The problem became so bad during last year that Ecclesiastical acknowledged: Insurance is there to provide protection in the event of unexpected losses and events, but unfortunately, as theft of metal has increased in frequency over the last few years, it is no longer an unexpected event, but rather an inevitability.” The insurer has therefore withdrawn cover where vulnerable materials such as lead roofing are not protected by SmartWater systems that can help identify thieves and stolen property.

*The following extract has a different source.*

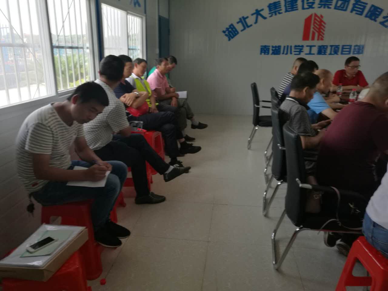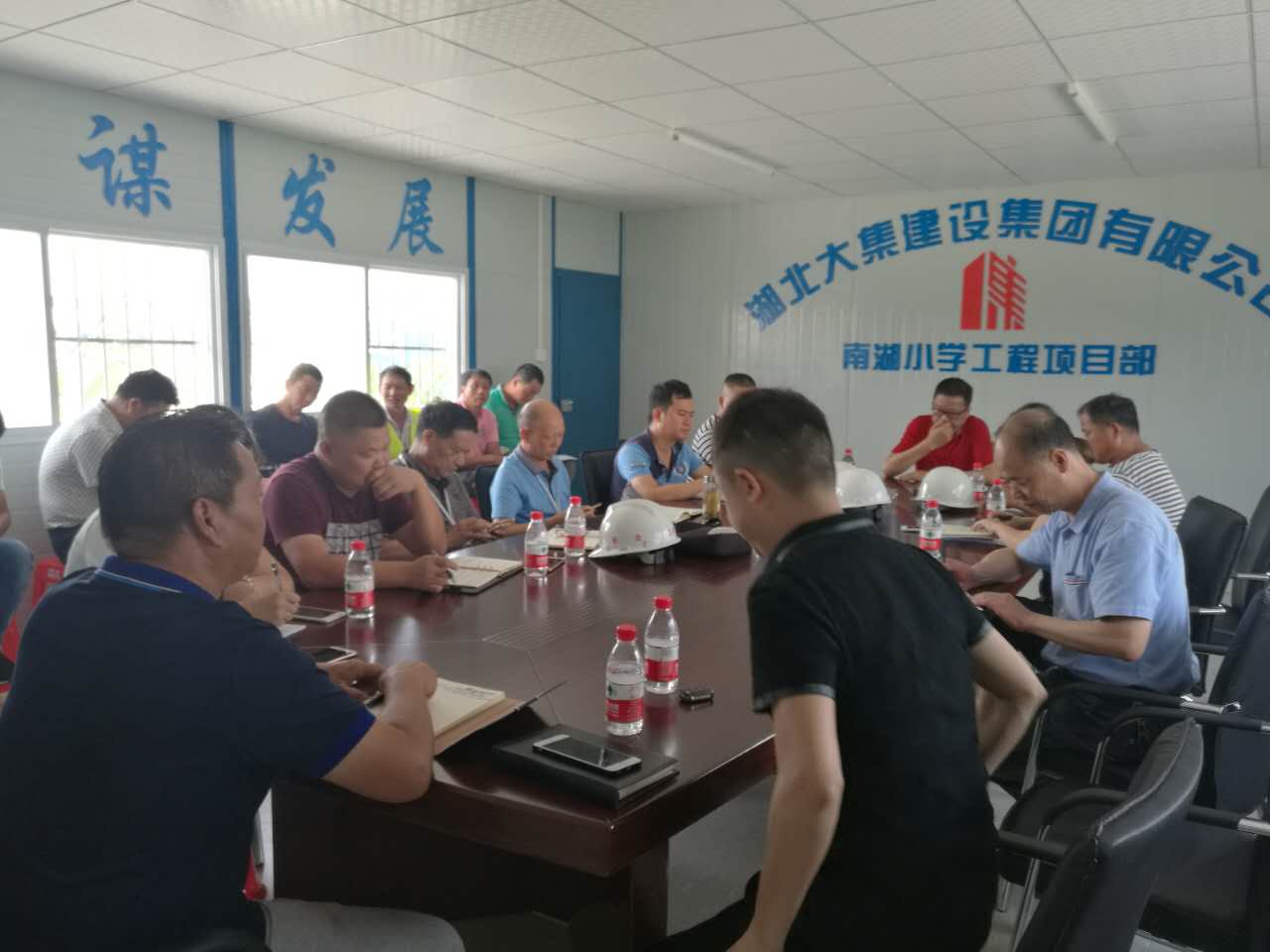 會(huì)議開始, 由南湖小學(xué)項(xiàng)目施工員介紹了該項(xiàng)目的主要情況及進(jìn)度,并表達(dá)了南湖小學(xué)項(xiàng)目創(chuàng)杯爭(zhēng)優(yōu)的決心,確保楚天杯,爭(zhēng)創(chuàng)魯班獎(jiǎng),并對(duì)施工工藝細(xì)節(jié)和各個(gè)操作班組制定了具體規(guī)范和標(biāo)準(zhǔn)。

With prices that seem to have brought copper, brass, bronze and some other metals and alloys into a ‘precious metals’ category below gold, silver and platinum, and the existence of rogue dealers and processors willing to handle stolen metal, it seems that nothing metallic is safe. Lead roofing, alloy wheels, copper pipes, railway cabling, bronze sculptures by Henry Moore and Barbara Hepworth and even war memorial plaques have been targeted by gangs willing to stoop to unimaginable depths.

A particularly disturbing aspect, and one that insurance cannot always cover, is the lack of regard for the full financial, emotional and practical consequences that massively outweigh the cash gain for the criminals. Their level of disconnection from civilized society is worrying and will need to be addressed alongside any legislative action aimed at restricting cash deals in scrap metals. Otherwise an increasing range of risks could become virtually uninsurable, along with the lead on any church roof that has not been security treated.